Sometimes I wonder what is best: whether to continue experiencing cumbersome processes and face tired and often hostile staff to receive a service, or be irritated by incessant irrelevant messages from organisations that took the trouble to digitise their operations, but are now abusing my trust and disclosure of my private information by send me spam messages? By Nimroth Gwetsa, 30 December 2018.
Perhaps there are stages to digitisation grief with notable ones being:
- Grief from long queues owing to manual processes in companies, and
- Grief from underdeveloped digitisation where the primary concern within the company is more about large-scale introduction of technology to enforce internal rules (bureaucracy). Such companies fail to take advantage of the wealth of information in their possession, but choose, instead, to use that information to irritate and frustrate customers. Such companies are more interested in changing customer’s behaviour to conform to their internal rules than finding common ground for their internal and customer needs.
Take, for example, a dealership that has just sold you a vehicle that came with a comprehensive five-year maintenance and service motorplan. Yet, soon after taking delivery, you start noticing and receiving messages from the dealership, of cash discounts they are offering you, to service your new vehicle. Unless, they expect you to promote those special deals on their behalf to people known to you, I don’t understand where else and when do they think those deals will become applicable to your situation as your vehicle is comprehensively covered. Even if they hope you will pass on that information to someone else, why not ask customers what specific (marketing) information they wish to receive than making assumptions about your information needs?

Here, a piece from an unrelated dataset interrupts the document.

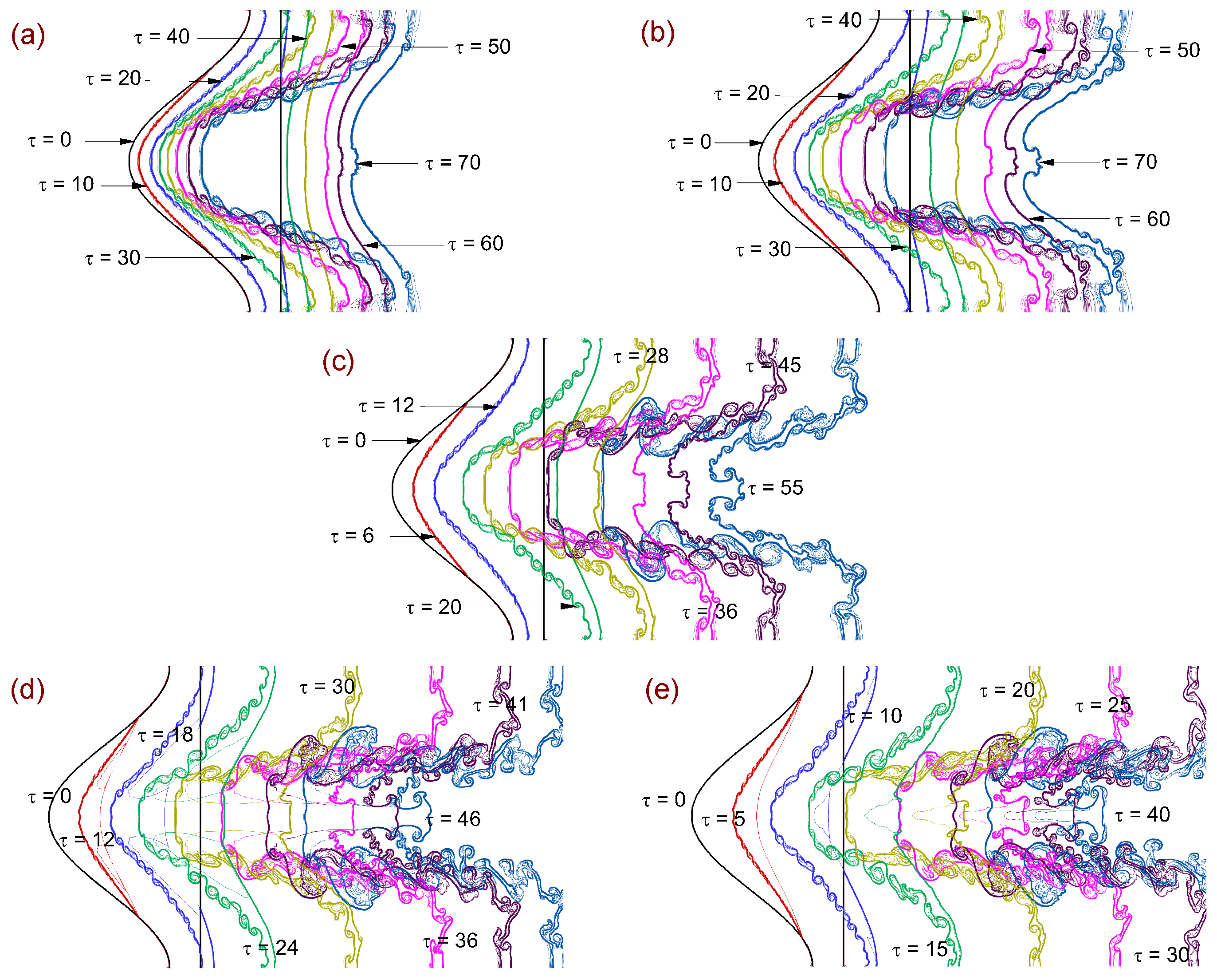 | Initial perturbation amplitude | a0/λ | 0.025, 0.10, 0.40 | A = 0.67, | Figure 29 and Figure 30: Effect of perturbation strength on nonlinear growth |

In this example, instead of digitisation being used to enable companies improve on their offerings and their customer experience of their services, they have turned a potential revenue earning opportunity into a nuisance. What was meant to provide sales leads has now turned into spam, worthy of being blocked by customers.
Many organisations fail to effectively use technology. Perhaps their failure is owing to companies being led by strong personalities with a history of successes in the past, refusing to embrace change, but choosing to rely on their tried and tested methods.
Perhaps such leaders do not understand the power of digitisation and opportunities they can seize from it. Call centres and telesales agents are notorious for failing to use information intelligently. Many are a nuisance, only interested in doing the same old things regardless of the profile of potential customers contacted.
As a receiver of such unsolicited calls, it is, sometimes, not worth it fighting with those callers. Rather block their numbers or ignore calls from their hidden numbers if you can.
Information is power and knowing how best to use it is even more powerful.
We are deep into the season of receiving unprecedented irrelevant spam messages, with companies trying to lure us into buying from them. I do not think many salespeople in those companies care much about the damage they could be causing to our relationships with their companies. They care more about the short-term sales they believe they can make from us.
My other bugbear is receiving e-mails from companies requiring that I click on embedded links or download some obscure software before I could access important information I need and they want to share with me. Many Financial Services companies have adopted this irritating pre-access special software download approach.
Ironically, the same companies would say to prospective job applicants and small-business prospectors to limit their pitch to a page, failing which they’d lose the attention of decision makers. Yet they, themselves, fall foul of spamming us with irrelevant, long and useless messages.
Inasmuch as companies have employed digital officers monitoring social media commentary about their products and services, there needs to be officers looking at best ways of mining and using information to not only look for ways to sell more products, but improve services and consumer experiences and interactions with their companies.
During the industrialisation era, many organisations invested in process engineers to improve operations and introduce mechanisation. We need similar, but digitisation era investments to improve product and service delivery to meet people’s needs.
And there are times when it may be necessary to provide detailed information, and others when concise and to the point messages may be more suitable.
Short but relevant information chunks create interest among readers, causing them to yearn for more. Twitter has shown how the sharing of smaller bits of information causes addiction among users. The addiction is sometimes so great, one can easily see users constantly scrolling and refreshing their screens to receive more and latest updates.
Companies should invest in the knowledge of their customers’ and prospects’ needs to stay relevant and appreciated, and should take advantage of their digitisation investment to manage those interactions.
I will stick my neck out and boldly claim today’s readership is indirectly proportional to the size of information broadcast.
On that note, let me end it here, lest I induce some fatigue in you.
Have a blessed 2019! For us, 2018 was a hectic year, full of drama, thrills and disappointments. We hope yours will end on a high and those successes will continue in the new year.
If yours was a year you want to soon forget, may you be strengthened and blessed with wisdom to find ways of becoming a winner in 2019!